BIRTH RIGHT

Un film de Naoki Hashimoto

Au nom de la mère

Depuis quelques jours, Mika observe à distance un couple marié et leur fille, Ayano. Après avoir gagné la confiance de cette dernière, Mika va la kidnapper et la séquestrer dans un bâtiment désaffecté…

« Je ne fais pas des films pour distraire. Je pense que les films sont faits pour naître au cinéma et ne pas en sortir ». Tels seront les mots prononcés par Naoki Hashimoto avant la projection de son film au 13e festival du film asiatique de Deauville. D’emblée, nous pouvons attendre un film sans concession de la part de son réalisateur si ses propos se retrouvent pleinement à l’écran… et c’est le cas.

En partant d’un sujet universel, qui est celui des orphelins et de leur désir d’appartenance à une véritable famille, Naoki Hashimoto, dont c’est le premier film en tant que réalisateur (l’homme est déjà producteur ciné et télé), arrive à dériver vers le film de genre, le film de captivité.

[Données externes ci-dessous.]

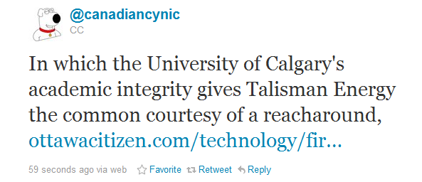 When a university takes money from an oil company to build skepticism for climate change, you not only have a dishonest higher educational body but also one that goes against everything that is sacred about the pursuit of knowledge. It becomes one big Con of a PR firm, you know like the Fraser Institute. Plus, it stinks to high heaven.

Dès les premiers plans montrant Mika immobile, cachée derrière des arbres, observant à travers une baie vitrée le quotidien banal d’une famille, on sait que Hashimoto va nous livrer une œuvre personnelle, hors des sentiers battus de ce type de production. Ces plans rappelant « Le Sixième sens » (« Manhunter » en VO) de Michael Mann (mais sans le côté flashy 80’s propre au réalisateur chicagoen), annoncent d’emblée que quelque chose de grave va se passer. Mais là ou d’autres auraient également tendance à verser dans le sensationnel et la violence physique à outrance, tel « Funny Games » de Haneke (ce qui est loin d’être un défaut en soi), « Birth Right » est un film tendu, jouant sur une captivité lente et psychologiquement douloureuse. Pas besoin de massacrer son prisonnier à coup de club de golf, lorsque l’on a le temps de le laisser mourir naturellement, si on le souhaite. Car la violence graphique n’intéresse pas Hashimoto, tout comme l’appartenance à un genre.

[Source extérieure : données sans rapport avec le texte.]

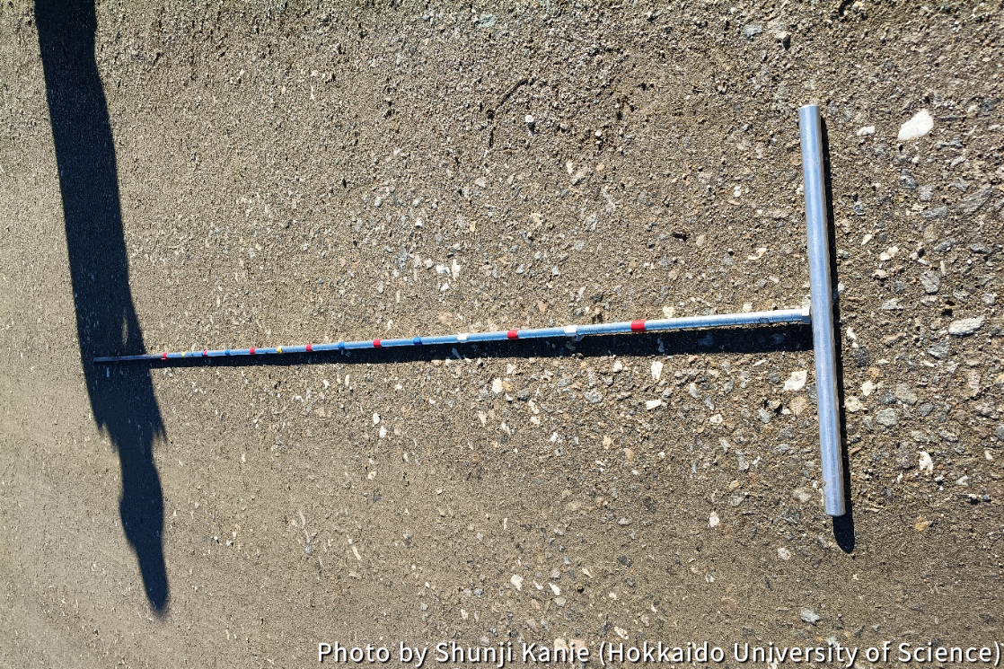 The standard method for measuring permafrost thaw depth is probing with a thaw probe (Photo 2). We push the probe, which is up to 2 meters long, into the ground until its tip hits the frozen layer, allowing us to measure the thaw depth. We are diligently measuring the thaw depth through dozens of repetitions of this laborious task, often struggling to keep our footing on the distinctively soft vegetative layer covering the permafrost terrain. We aim to use the observation and measurement results, as well as application of numerical models, for a comprehensive, multi-faceted assessment. This includes evaluating the vulnerability of the permafrost, such as determining where increased precipitation promotes thaw depth, and simultaneously assessing the role of vegetation layer recovery in preserving permafrost in areas affected by wildfires.

Possédant une cinématographie basée sur l’usage de longs plans et un montage simple (pas simpliste) et efficace, Hashimoto ne fait que très peu d’erreurs. Quelques plans s’enchaînent mal par ci par là, mais ce n’est qu’un léger détail, rapidement pardonné par la maitrise du cadre et la gestion millimétrée de l’espace. Portés à l’écran par des actrices aussi belles que talentueuses, les deux personnages principaux sont d’une justesse dont devrait s’inspirer beaucoup de monde. Entre deux scènes magnifiques (la rencontre entre la captive et sa tortionnaire ainsi que le climax très émouvant), la captivité repose sur le jeu posé de la première, confronté à la peur maitrisée (« mais je trouve qu’elle surjoue encore », dira Hashimoto de sa jeune actrice) de la seconde.

Histoire de vengeance ou quête de d’un amour perdu, chacun est libre d’interpréter et de s’approprier le film comme il le souhaite, le réalisateur nous livrant un produit appartenant désormais à son spectateur. Souhaitons à Naoki Hashimoto que ce premier essai soit suivi de nombreux films, tant il est rare de voir autant de dévotion et de refus de compromis de nos jours. « Je pense que mon film ne plaira qu’à 20% de son public ». Ce qui est sûr, c’est que nous en faisons partie.